The duel was concluded by Nicolas: despite its human, that is financial, cost to Phil@poste, there has to be engraved postage stamps printed in intaglio in France's philatelic program. With a number and a quality of issues sufficient to please the collectors-electors-clients.
How Phil@poste can make profitable this upper order and please the down buyers?
To call known engravers. No problem in France where these artists sign their stamps and are known and interviewed by regular collectors. For the Avignon palace of Popes stamp, Martin Mörck's touch is a quality proof for mixed printing in offset and intaglio.
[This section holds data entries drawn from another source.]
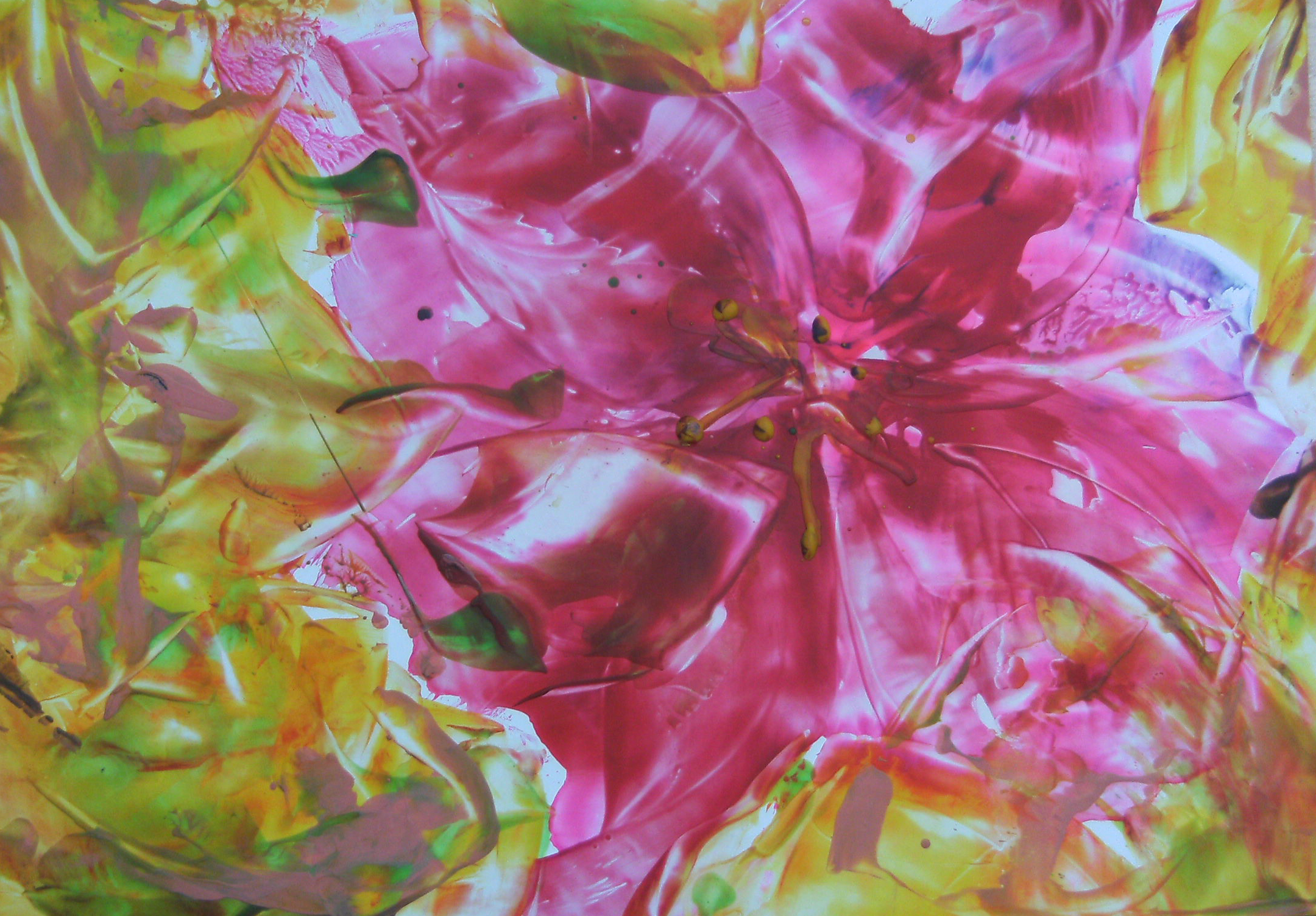Ik schilder intuïtief ,en gebruik als medium acryl op doek. Mijn werken zijn symbolisch van aard. Ik laat me leiden door de impressies van het moment.
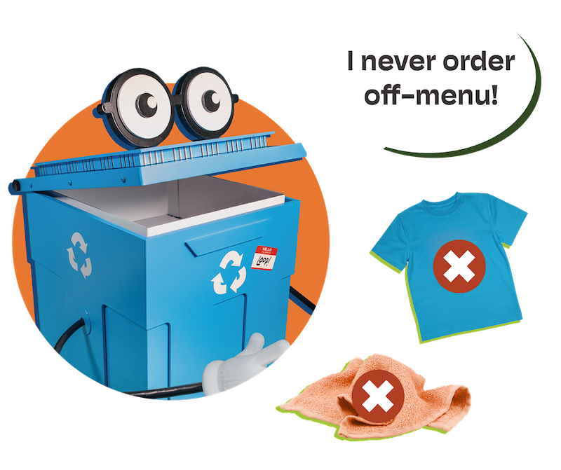 Uh-oh. I love eating your recyclables, but yard and food waste give me a stomachache.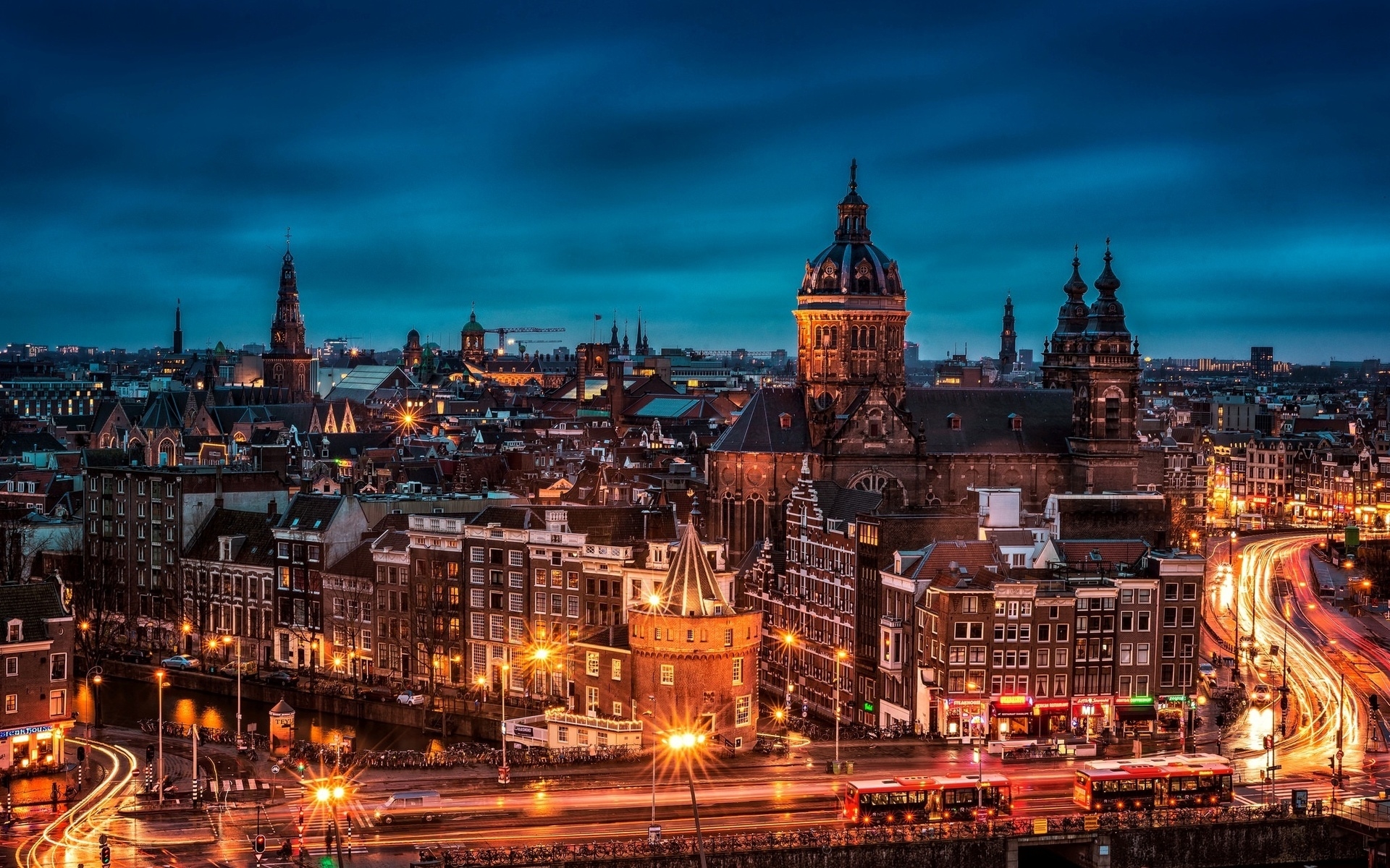 Description: A city with a lot of tall buildings and a bridge over it at night time with traffic going by.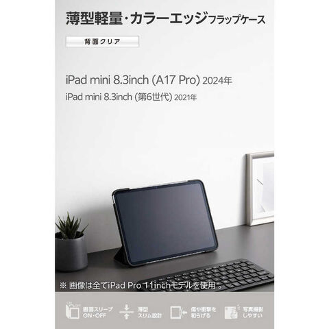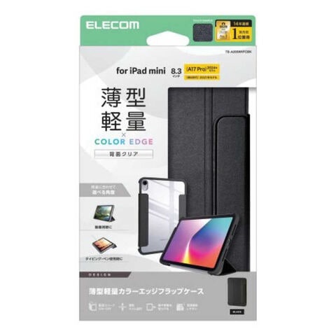 エレコム ELECOM iPad mini ケース 8.3インチ ( A17 Pro ) / 第6世代 マグネット式フラップ カバー 2アングル スタンド オートスリープ機能 軽量 薄型 耐衝撃 背面クリア TB-A25SWVFCBK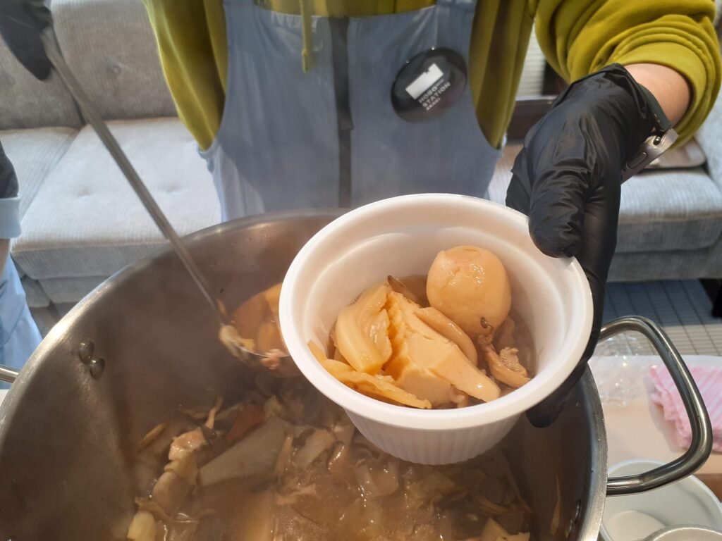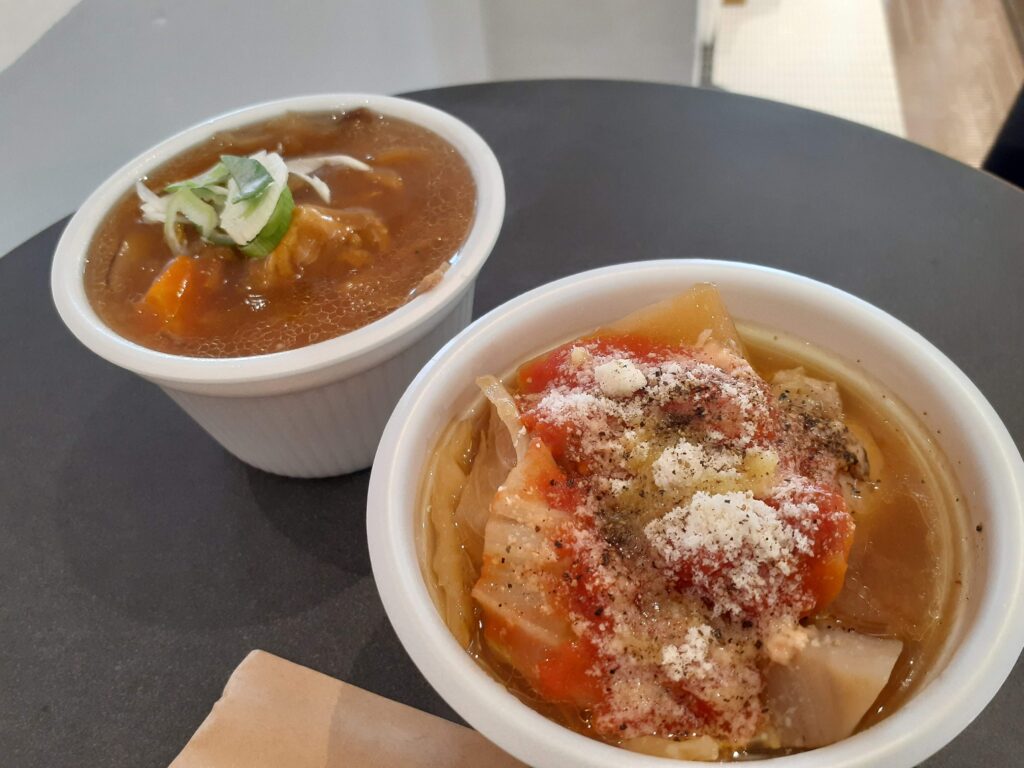 ▲グランドオープンに合わせ、アルファオープン時から人気の豚汁「ジャパン」(和風)とともに「イタリア的」(トマトベース・右)も引き続き提供。新たにカレー味(左)が追加。※豚汁の写真は、内覧会時の試食用のもの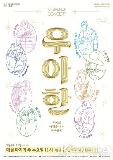 K-브런치콘서트 '우‧아‧한'은 대전국악방송과 공동 기획으로, 우리 지역 전통음악 인프라 확충과 국악의 대중화, 생활화를 목표로 마련된 프로그램이다. 국내외에서 활발히 활동하는 연주자들이 참여해 클래식·재즈 등 다양한 장르와의 경계를 넘나드는 무대를 통해 한국음악의 새로운 가능성을 제시한다.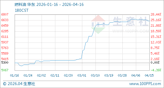 4月16日,生意社燃料油基准价为6612.50元/吨,与本月初(6587.50元/吨)相比,上涨了0.38%。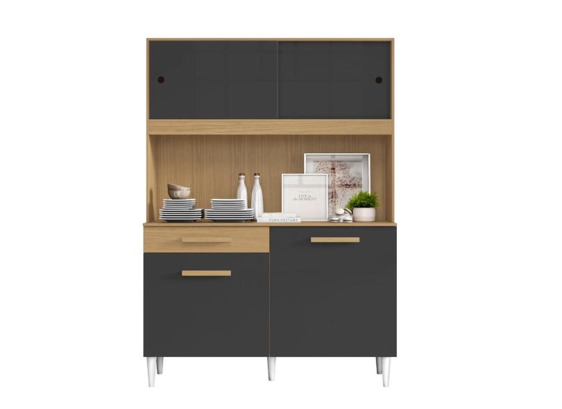 Armário de Cozinha Completa Compacta 4 Portas 1 Gaveta Atacama / Grafite Julia Aramóveis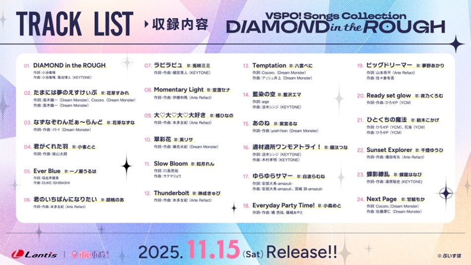 なお、収録楽曲は11月22日〜24日に「LaLa arena TOKYO-BAY」で開催される『ぶいすぽっ!フェス 2025』内のライブイベント『DIAMOND in the ROUGH』で初披露予定だ。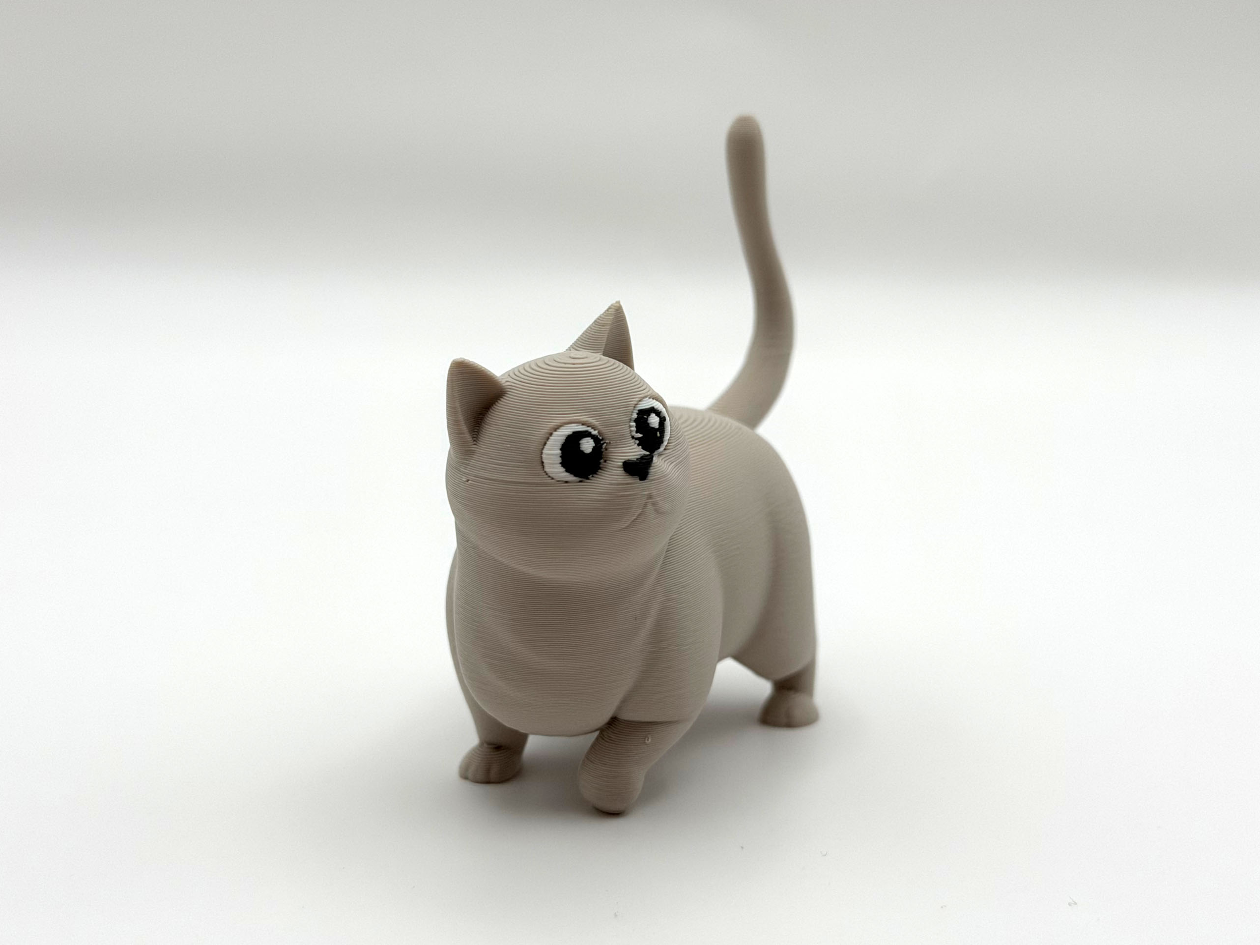 Woot Kitty là bé mèo chonky tròn mũm mĩm, mắt to cực dễ thương, hợp để trang trí hoặc sưu tầm. In 3D cần ít support; dùng organic-style supports và chỉnh Z-top height giúp tháo support nhẹ nhàng hơn.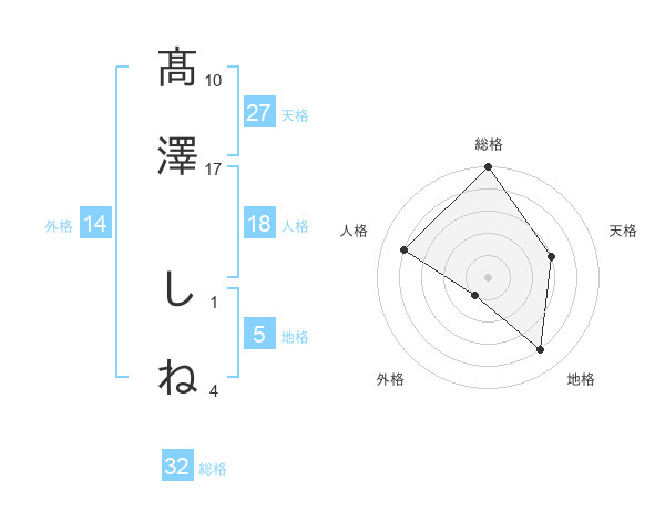 髙澤 しねさんの総格は32画の5点!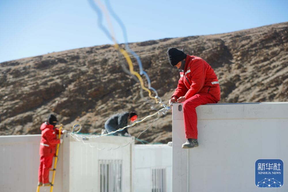 1月10日,在定日县长所乡古荣村,工人在为板房搭设电路。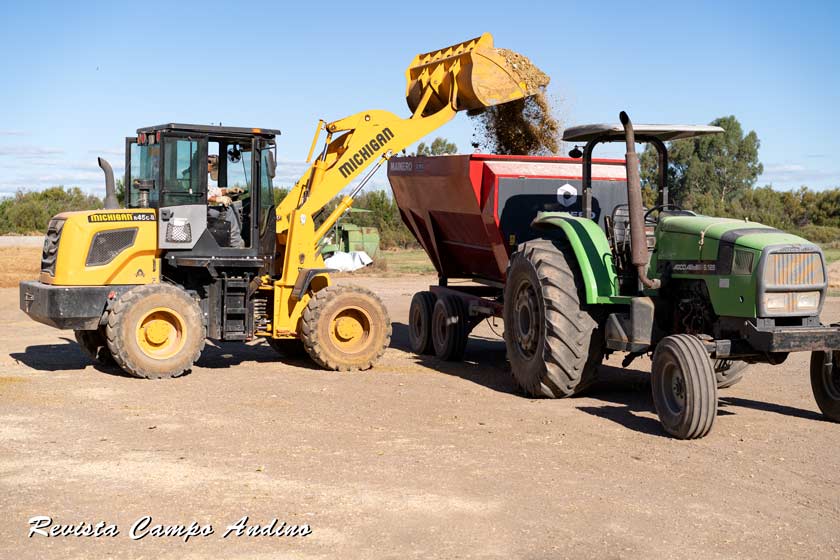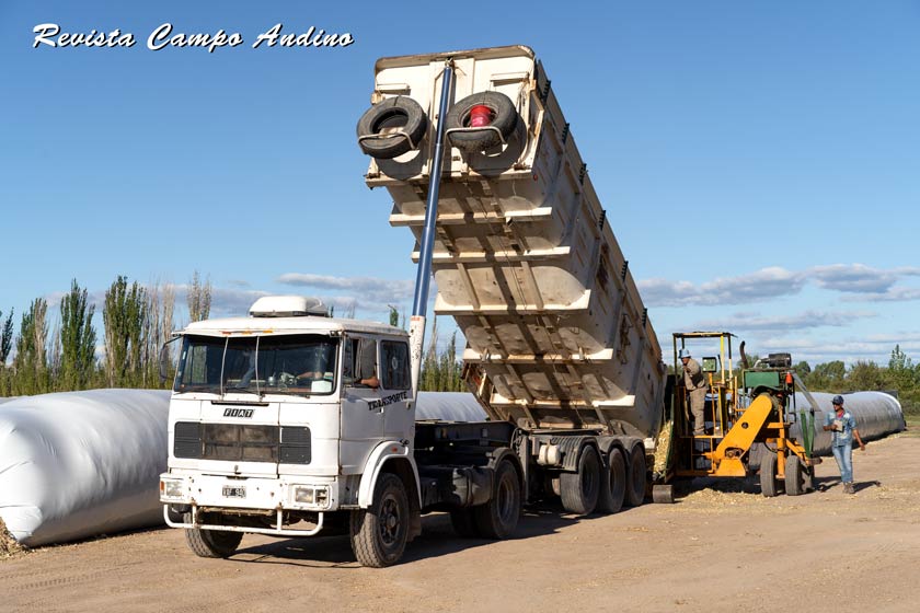 LO PRIMERO es llenar la bolsas. Cuando ya había cerrado la Jornada Forrajera, y antes de la charla con el dueño de casa, llegaban a «Renacer» las cargas de maíz (picado) cultivado en las fincas de «soporte», para pasar directo al ensilado. «A partir de ahí empieza la ganadería», diría Fernández. FOTO / Revista Campo Andino & Agroindustria.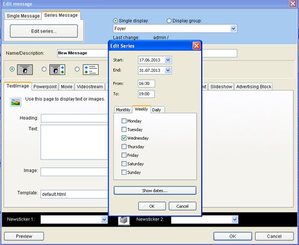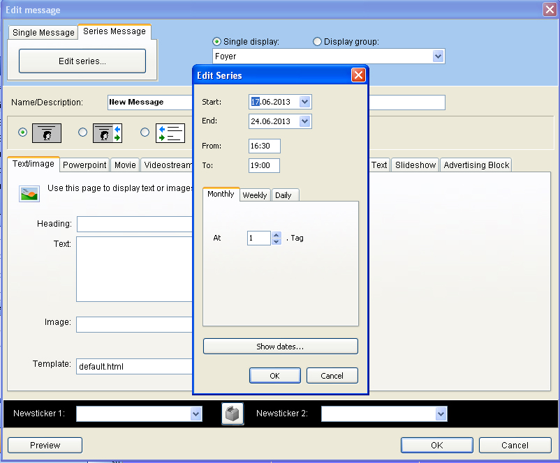 Apart from single messages there are also repeat messages. Here, you can determine at which interval the message should be repeated. Within a certain period of time messages can be repeated daily, weekly or monthly.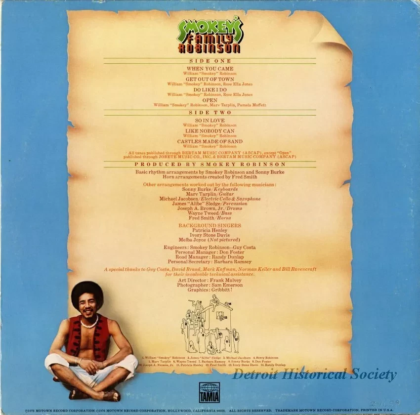 One record album entitled "Smokey's Family Robinson." The album consists of a cardboard jacket which has a color picture of Smokey Robinson and 13 other Motown performers who are seated or standing in and around a playhouse that is located in a tropical setting. The album verso shows the seven song titles that are produced on the record as well as the names of the performers and production staff. At the bottom edge, there is a copyright date of 1976 by Motown Record Corporation.

Let's put the perforations to the right of the sheet. Reduce the left margin and we have a large right margin, large enough to include engraved portraits of the popes who lived in Avignon.
Sale potential: ten stamps with their margin.
Plus the beautiful postage amateurs who were missing commemorative stamps for the European Union and Switzerland.
But, some well placed color markers can suffice. They are, apparently, a necessity for the printers and the quality controllers at Phil@poste Boulazac, the French postal printing plant near Périgueux.
On the Menton stamp by Ève Luquet, the margin is pretty with these pastels: yellow, pink, clear blue for the sea, clearer to the sky...
Sale potential: two to three margin stamps.
Marketing can - sometimes - be useful, inspired and discreet. That is the France I like.